*** Data shown ***
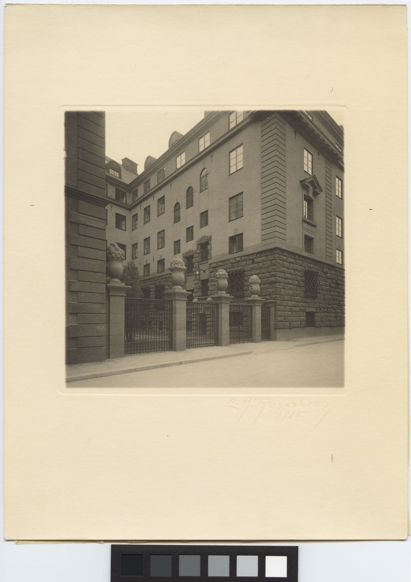 Exteriör dagtid. Byggnadens baksida samt gavel. Järnstaket med urnor mot gatan.
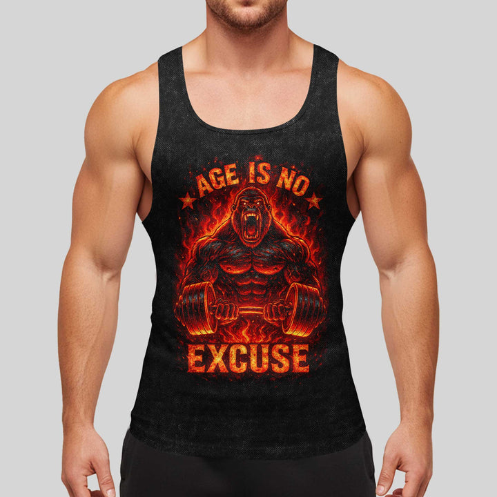 Age Is No Excuse Men's Gym Tank Top, Workout Tank, Oversized Tank
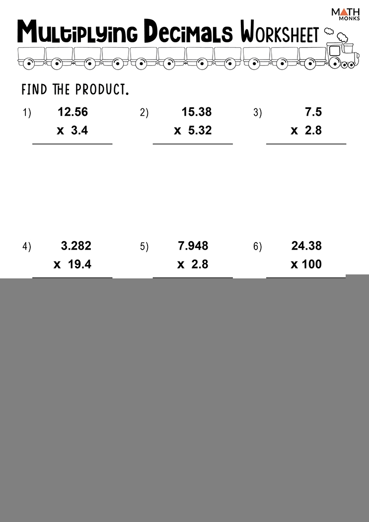 A multiplying decimals worksheet typically consists of a series of problems that require you to multiply decimal numbers. These worksheets may include various types of decimal multiplication problems, such as multiplying a decimal by a whole number, multiplying two decimal numbers, or multiplying multiple decimal numbers in a single problem. The purpose of these worksheets is to help you practice and master the process of multiplying decimals efficiently.
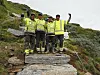 TRAPPEBYGGJARAR: Dei fire arbeidskarane frå Nepal er i full gang med å nye steintrapper, denne gongen i den bratte Gråuro. (Alle bilete: Ole Skaten)
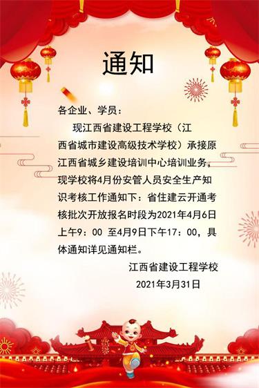 現(xiàn)江西省建設(shè)工程學(xué)校(江西省城市建設(shè)高級技術(shù)學(xué)校)承接原江西省城鄉(xiāng)建設(shè)培訓(xùn)中心培訓(xùn)業(yè)務(wù),現(xiàn)學(xué)校將4月份安管人員安全生產(chǎn)知識考核工作通知下:省住建云開通考核批次開放報名時段為2021年4月6日上午9:00至4月9日下午17:00,具體通知詳見通知欄。
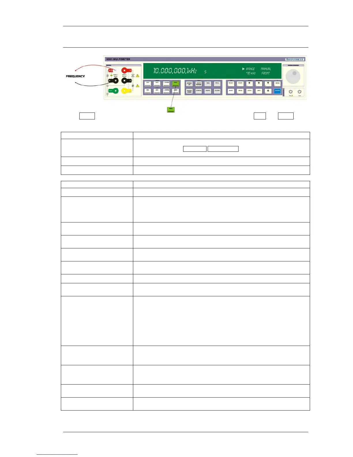 Press FREQ to enter the FREQUENCY measurement mode (1Hz resolution) : ACV and FREQ will
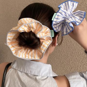 CX13541# 最便宜饰品批发 海边阳光少女丸子头条纹大肠发圈韩系小清新撞色简约皮筋大号发绳
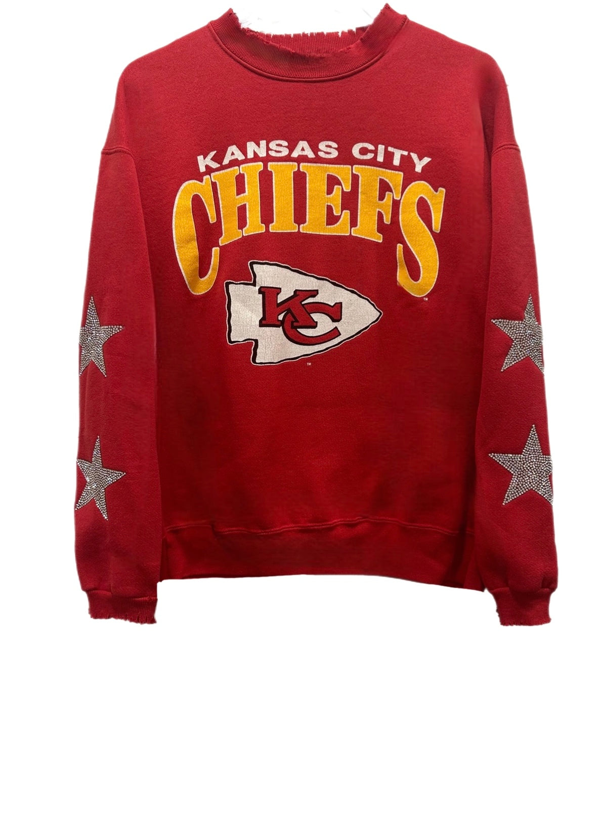 Kansas City Chiefs, Football One of a KIND Vintage Sweatshirt with Crystal Star Design
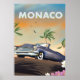 Cartel de viaje en coche de Mónaco y una hermosa puesta de sol.
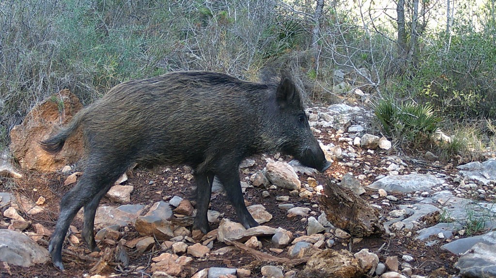 El tret més característic del senglar és el seu musell llarg i recte (Fotografia 1) que usen a mode d’excavadora per a trobar menjar, a més, tenen un olfacte extraordinàriament agut. Són omnívors i la seua dieta inclou fruits, arrels cucs, xicotets vertebrats, ous, carronya i fongs. Són d’hàbits crepusculars i nocturns (Fotografia 3).
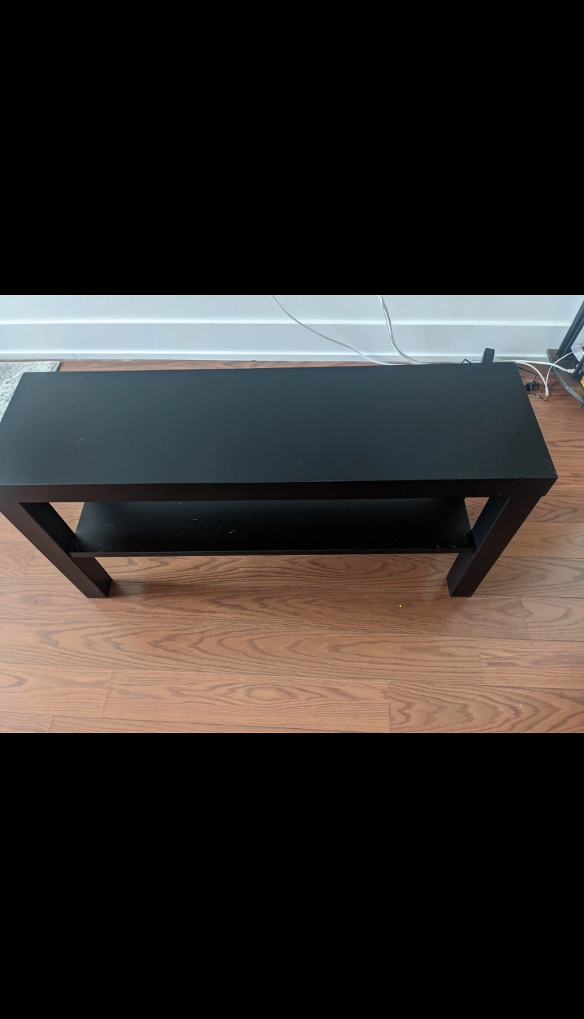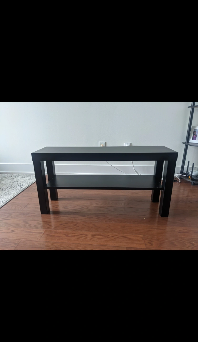 Simple black console table. Features a single lower shelf. Great for entryway or living room. Minimalist design.
***
Try it = A word-for-word transcription of the entries above, free of images, is what is wanted.

Written answer =
 Exteriör dagtid. Byggnadens baksida samt gavel. Järnstaket med urnor mot gatan.
 Age Is No Excuse Men's Gym Tank Top, Workout Tank, Oversized Tank
 A multiplying decimals worksheet typically consists of a series of problems that require you to multiply decimal numbers. These worksheets may include various types of decimal multiplication problems, such as multiplying a decimal by a whole number, multiplying two decimal numbers, or multiplying multiple decimal numbers in a single problem. The purpose of these worksheets is to help you practice and master the process of multiplying decimals efficiently.
 TRAPPEBYGGJARAR: Dei fire arbeidskarane frå Nepal er i full gang med å nye steintrapper, denne gongen i den bratte Gråuro. (Alle bilete: Ole Skaten)
 現(xiàn)江西省建設(shè)工程學(xué)校(江西省城市建設(shè)高級技術(shù)學(xué)校)承接原江西省城鄉(xiāng)建設(shè)培訓(xùn)中心培訓(xùn)業(yè)務(wù),現(xiàn)學(xué)校將4月份安管人員安全生產(chǎn)知識考核工作通知下:省住建云開通考核批次開放報名時段為2021年4月6日上午9:00至4月9日下午17:00,具體通知詳見通知欄。
 Press FREQ to enter the FREQUENCY measurement mode (1Hz resolution) : ACV and FREQ will
 CX13541# 最便宜饰品批发 海边阳光少女丸子头条纹大肠发圈韩系小清新撞色简约皮筋大号发绳
 Kansas City Chiefs, Football One of a KIND Vintage Sweatshirt with Crystal Star Design
 Cartel de viaje en coche de Mónaco y una hermosa puesta de sol.
 El tret més característic del senglar és el seu musell llarg i recte (Fotografia 1) que usen a mode d’excavadora per a trobar menjar, a més, tenen un olfacte extraordinàriament agut. Són omnívors i la seua dieta inclou fruits, arrels cucs, xicotets vertebrats, ous, carronya i fongs. Són d’hàbits crepusculars i nocturns (Fotografia 3).
 Simple black console table. Features a single lower shelf. Great for entryway or living room. Minimalist design.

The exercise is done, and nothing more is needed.